Wszystko wskazuje na samobójstwo, ale na razie nikt oficjalnie o tym nie mówi. W mieszkaniu w Kuźni Raciborskiej w Śląskiem znaleziono wieczorem ciała policyjnego małżeństwa i ich półtorarocznego dziecka. Okoliczni mieszkańcy są w szoku. Jak mówią, to byli spokojni, mili ludzie.
Jak donosi reporter RMF FM Marcin Buczek, strzałów było kilka, mieszkanie było zamknięte, a strażacy musieli wyważyć drzwi, by dostać się do środka. Nie było żadnych śladów włamania ani obecności innych osób w mieszkaniu.
Na miejscu znaleziono służbową broń, z której najprawdopodobniej padły strzały. W tej chwili nie wiadomo jeszcze, czy należała do mężczyzny czy kobiety ani które z nich najpierw najpewniej strzelało do bliskich, a później do siebie.
Śledczy będą chcieli również wyjaśnić, dlaczego doszło do tragedii.

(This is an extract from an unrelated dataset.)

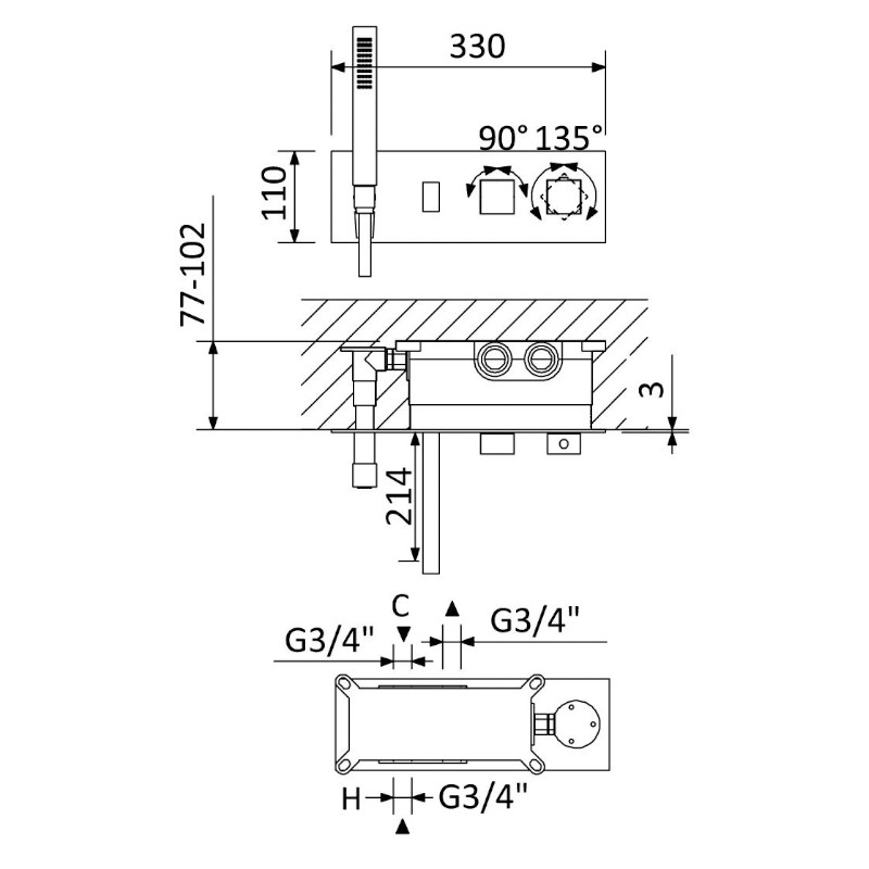 Bateria 2-drożna, termostatyczna, podtynkowa z wylewką, słuchawką i elementem podtynkowym w zestawie.

Jak ustalił nasz dziennikarz, mężczyzna był zatrudniony w policji prawie 20 lat, kobieta - niespełna 10. Oboje pracowali w komisariacie w Kuźni Raciborskiej.
Mieszkańcy miejscowości są w szoku. Nie wyobrażam sobie, że ktoś sięgnął po broń i wystrzelił do swojej bliskiej osoby, do swojego dziecka... Nie wyobrażam sobie tego - usłyszała od jednego z nich reporterka RMF FM Anna Kropaczek. Doszło do strasznej tragedii. Najgorsze, że ucierpiało dziecko. Ogólnie opinię mieli wśród ludzi bardzo dobrą - dodał ktoś inny.
Mieszkańcy mówili również naszej dziennikarce, że znali przede wszystkim policjanta, który był "spokojnym, bardzo grzecznym" człowiekiem. Według nich, było to jego drugie małżeństwo.